▶ TRY IT
All that should come back is the lines of the data below from the one containing "Imbinand cunostintele Café" to the one containing "AGOLDE Lana Slice", inclusive, exactly as they stand.

▶ THE INPUT
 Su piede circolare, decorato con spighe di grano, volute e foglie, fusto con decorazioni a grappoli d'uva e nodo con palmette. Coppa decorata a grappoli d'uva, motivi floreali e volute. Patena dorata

...

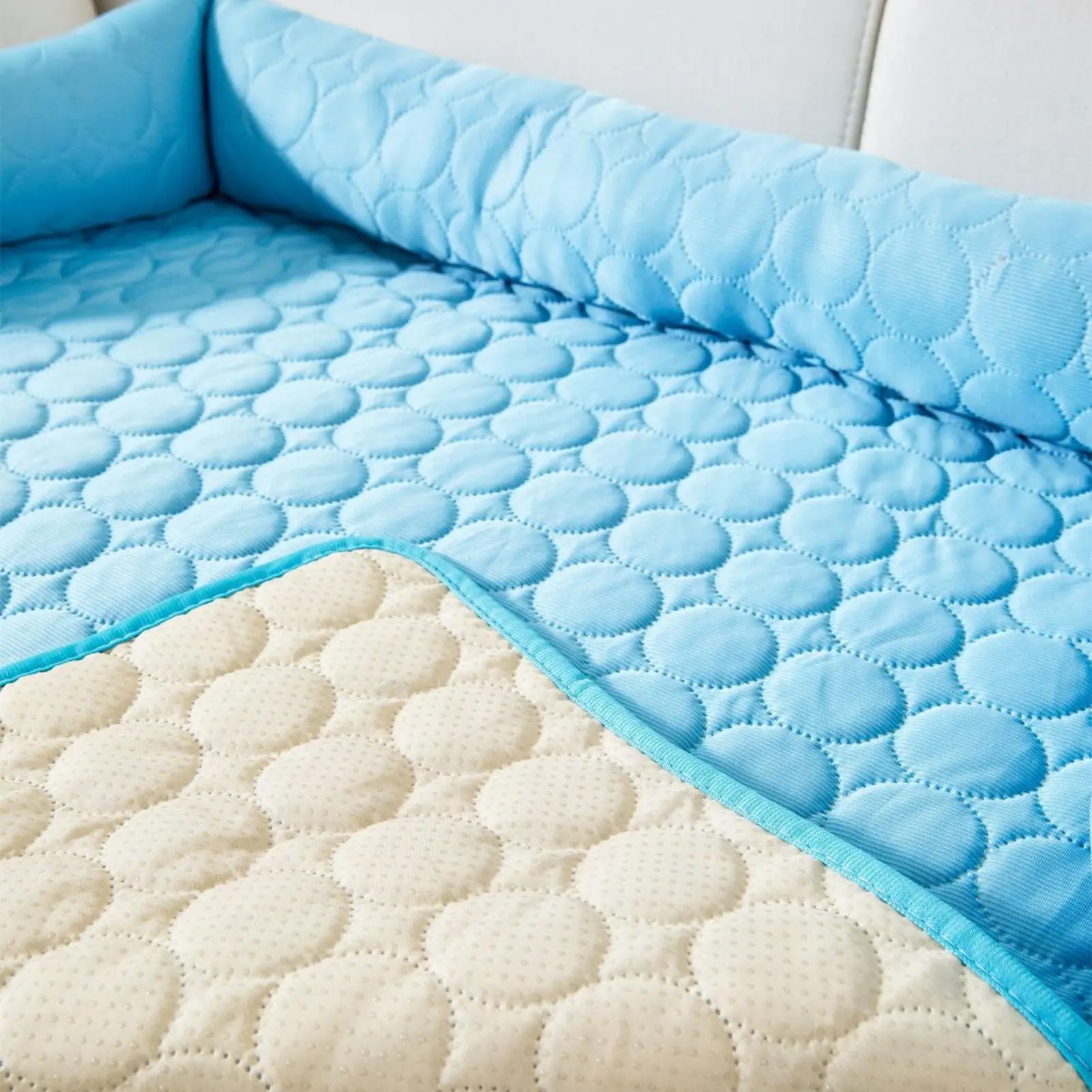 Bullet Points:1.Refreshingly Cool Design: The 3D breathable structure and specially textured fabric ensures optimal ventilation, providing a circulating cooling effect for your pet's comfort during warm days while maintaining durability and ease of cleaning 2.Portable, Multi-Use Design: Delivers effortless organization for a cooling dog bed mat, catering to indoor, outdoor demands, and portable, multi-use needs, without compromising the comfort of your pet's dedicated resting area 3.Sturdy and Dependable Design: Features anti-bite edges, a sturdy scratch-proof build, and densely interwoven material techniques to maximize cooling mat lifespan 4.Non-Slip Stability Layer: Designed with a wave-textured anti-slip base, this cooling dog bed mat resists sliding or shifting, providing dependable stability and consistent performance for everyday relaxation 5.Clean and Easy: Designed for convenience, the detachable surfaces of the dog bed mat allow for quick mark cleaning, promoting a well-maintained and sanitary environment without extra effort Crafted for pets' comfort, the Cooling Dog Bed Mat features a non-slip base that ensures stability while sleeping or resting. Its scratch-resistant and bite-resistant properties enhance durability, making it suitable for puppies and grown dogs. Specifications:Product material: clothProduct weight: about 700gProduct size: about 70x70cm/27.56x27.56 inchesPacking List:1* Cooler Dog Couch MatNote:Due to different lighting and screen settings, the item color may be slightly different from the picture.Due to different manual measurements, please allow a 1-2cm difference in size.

--

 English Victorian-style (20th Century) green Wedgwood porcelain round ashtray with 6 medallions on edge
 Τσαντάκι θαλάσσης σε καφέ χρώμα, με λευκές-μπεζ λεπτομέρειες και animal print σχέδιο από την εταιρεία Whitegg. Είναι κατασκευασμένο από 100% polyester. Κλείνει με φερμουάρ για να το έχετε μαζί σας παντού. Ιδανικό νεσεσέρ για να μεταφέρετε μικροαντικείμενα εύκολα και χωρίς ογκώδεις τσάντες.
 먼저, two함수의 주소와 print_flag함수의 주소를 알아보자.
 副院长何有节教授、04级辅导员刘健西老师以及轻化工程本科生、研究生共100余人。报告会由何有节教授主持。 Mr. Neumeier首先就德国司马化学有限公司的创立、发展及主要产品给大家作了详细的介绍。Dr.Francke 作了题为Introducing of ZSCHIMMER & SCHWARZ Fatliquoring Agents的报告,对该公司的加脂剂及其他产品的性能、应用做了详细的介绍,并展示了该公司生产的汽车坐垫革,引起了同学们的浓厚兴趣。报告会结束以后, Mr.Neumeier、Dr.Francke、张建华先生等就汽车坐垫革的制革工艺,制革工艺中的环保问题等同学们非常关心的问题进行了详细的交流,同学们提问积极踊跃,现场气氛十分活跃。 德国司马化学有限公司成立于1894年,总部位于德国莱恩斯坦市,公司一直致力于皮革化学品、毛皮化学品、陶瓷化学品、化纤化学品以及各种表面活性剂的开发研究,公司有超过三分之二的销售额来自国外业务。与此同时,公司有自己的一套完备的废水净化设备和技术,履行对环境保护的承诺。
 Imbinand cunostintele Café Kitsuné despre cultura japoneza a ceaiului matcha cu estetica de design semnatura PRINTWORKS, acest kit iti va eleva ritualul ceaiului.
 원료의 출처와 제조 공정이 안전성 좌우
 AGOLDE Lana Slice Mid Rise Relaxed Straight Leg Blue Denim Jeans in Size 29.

▶ SOLUTION TO THIS PROBLEM
 Imbinand cunostintele Café Kitsuné despre cultura japoneza a ceaiului matcha cu estetica de design semnatura PRINTWORKS, acest kit iti va eleva ritualul ceaiului.
 원료의 출처와 제조 공정이 안전성 좌우
 AGOLDE Lana Slice Mid Rise Relaxed Straight Leg Blue Denim Jeans in Size 29.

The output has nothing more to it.